To begin at the beginning, let us consider the interaction between a web browser and a web server. The user who wants to see your web page gives the page address (the URL) to their browser. The browser software sends a message to your web server program (on what ever machine serves your web access) asking for your page. For the time being we can ignore any of the intermediate stages of going through phone lines to an Internet Service Provider (ISP) or through a local area network to a machine that controls a fire wall. All of the intermediate steps have the possibility of adding to the difficulty of understanding the transaction, but for the moment, consider them invisible.


Your web server program then sends the page back to the user's browser. There is a minor point of nomenclature concerning what the web server does: The web server serves files. Every page that is viewed on a browser consists of one or more files. For example a web page that includes graphics (or other non-text resources,) will consist of one html file and one graphics file for each separate picture. From the user's point of view they are requesting one page. From the server's point of view, it is sending a sequence of files.


After sending each file, the web server program records information about this transaction. At least it can record the information if the person who set up the web server software turned on the logging function. The information that is recorded about the transaction is pretty simple -- in fact you can probably guess most of the information just working from common sense. The server records the time and date of the transaction. It records the name of the file that was sent and how big that file was. It records the internet address to which the file was sent. If the user got to your page by clicking a link on some other page, the server records the address of the page with that link. It also records some details about how the file was sent and any errors that may have occurred as well as information about the browser that the user is using.


This is pretty much all there is to a web log. Of course, if your server is doing more complicated things like running CGI scripts, the log may include information about what script was run and if it worked. But there isn't much more information available in a transaction. In the simplest case, the log information for each file sent is recorded as one line in a very ordinary text file, one that can be read by any word processor or spreadsheet that can open large files.


2.1 Server Log Files

But there is a fly in the ointment. Web logs are pretty much written by computer people for computer people. As a result we have things such as some time and date values being recorded as millionths of a second elapsed since January 1, 1970. This gives us reports of such delightful time-date values as: 793224627.766481. To add to the complexity, every web server records its information in a slightly different format so it is nearly impossible to make any general statements about what a web log looks like. Just in case this isn't enough, the person running the web server can change settings which control what information is actually recorded and what format it is written in. You may have figured out by now that you are going to have to spend a bunch of time with your local web guru if you are going to be able to analyze web logs.

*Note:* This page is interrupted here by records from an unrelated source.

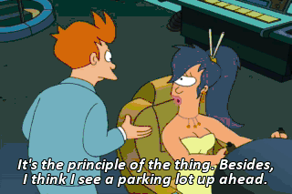 It's the principle of the thing. Besides, I think I see a parking lot up ahead. Father, I have asked you to join me on the White House roof...
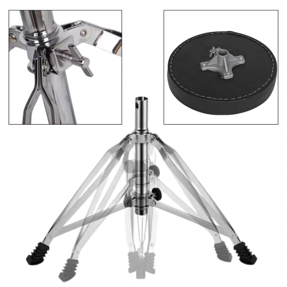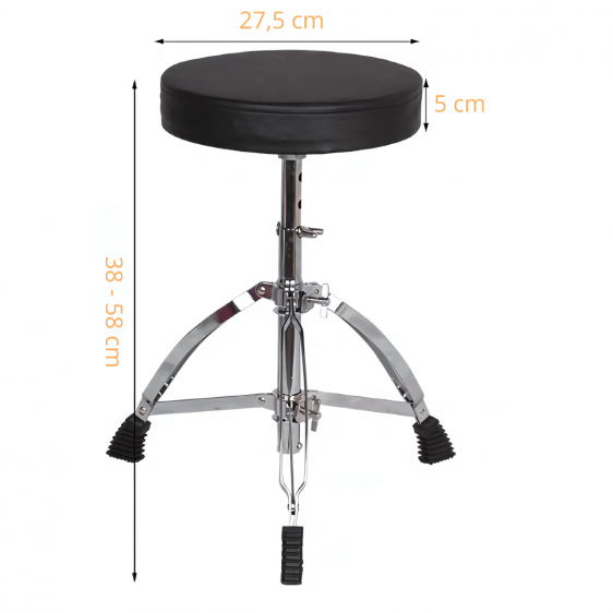Antypoślizgowe, gumowe nóżki zapewniają pewne podparcie na każdej powierzchni ✳️. Nawet podczas energicznej gry stołek nie przesuwa się i nie chwieje ✴️. Galwanizowany, żelazny stelaż odporny na uszkodzenia to gwarancja trwałości *️⃣. Maksymalne obciążenie do 50 kg czyni ten model świetnym wyborem dla młodszych perkusistów ✅.
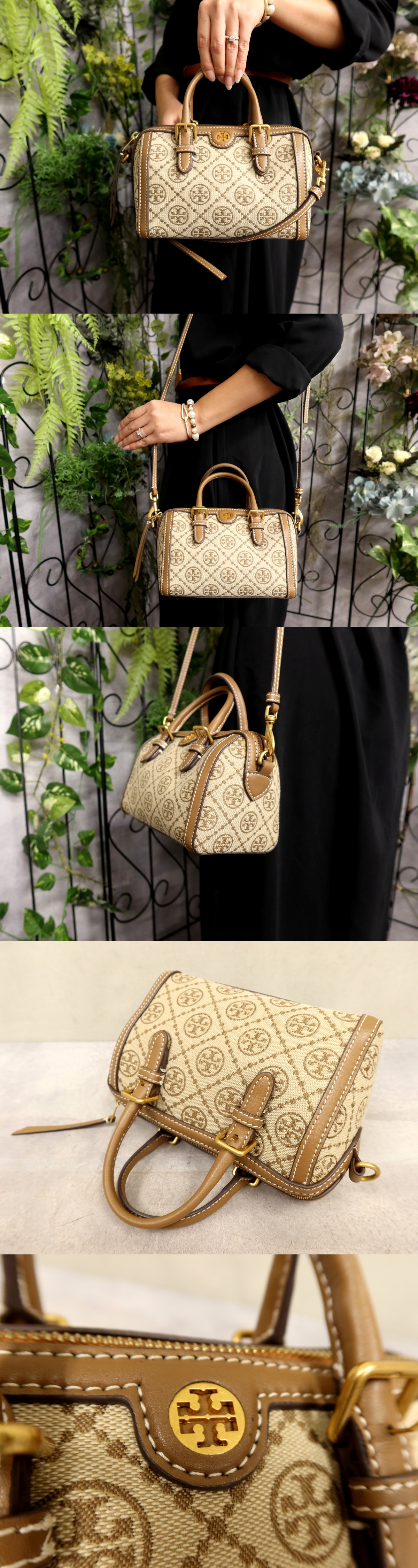 ●超美品●TORY BURCH トリーバーチ●Tモノグラム●キャンバス カーフ レザー 本革●2way ハンド バッグ●ブラウン系●G金具●Js61419 收藏

If you do go and ask to analyze log files, you will probably be told that your web people already have a program that does this and they will be happy to give you a copy of the reports. Don't get your hopes up. Most web log report generators are written for people interested in general statistics, rather than for people who want to track the use of intellectual content. There are a small number of programs (some quite expensive) which can run reports that provide information of use in tracking the effects of content, but they are far outnumbered by programs (some quite expensive) that produce elegant graphs showing the average number of bytes sent per minute throughout an average day.


For our analysis purposes we will generally begin with the raw log files rather than the output of statistics generating programs. Unfortunately, for popular sites, the log files can be very large. For example, the web server running on my office Macintosh, presenting only my own material, serves about 20,000 files per month and produces just under 2 megabytes of log file entries. A modestly busy corporate site may do more than ten times that much in a single day. Later in this paper I'll get a chance describe cutting these huge documents to manageable size.


2.2 A Simple Log Entry

So far we have been swimming through the warm oatmeal of generality, lets get specific.

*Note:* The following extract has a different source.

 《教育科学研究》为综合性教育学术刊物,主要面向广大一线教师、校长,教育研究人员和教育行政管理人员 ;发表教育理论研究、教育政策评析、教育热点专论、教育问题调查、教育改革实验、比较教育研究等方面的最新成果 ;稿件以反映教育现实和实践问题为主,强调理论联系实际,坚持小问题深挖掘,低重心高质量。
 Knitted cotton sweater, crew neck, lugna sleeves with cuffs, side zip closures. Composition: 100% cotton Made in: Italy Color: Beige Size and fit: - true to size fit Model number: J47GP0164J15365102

Here is a single entry from my web server log. I have selected a case in which the web server is recording only part of the available information.


03/05/98 <tab> 00:53:39 <tab> OK <tab> <tab> /MinuteSeven.html <tab> <tab> <tab>


Note: I have shown the tab character with <tab>. In the original log, the character is actually a tab. For other web servers the separating character (delimiter) may be a blank space. Blank spaces that are a part of the information will be shown as percent signs (%.) In the original the entire entry is a single line, but it has been word-wrapped to fit in the format of this paper.


Lets take this one part at a time:


(As noted above, sometimes time and date are a single field.)

The date on which this transaction took place


The time of the transaction. Both time and date in this particular file are the local time and date at my web server.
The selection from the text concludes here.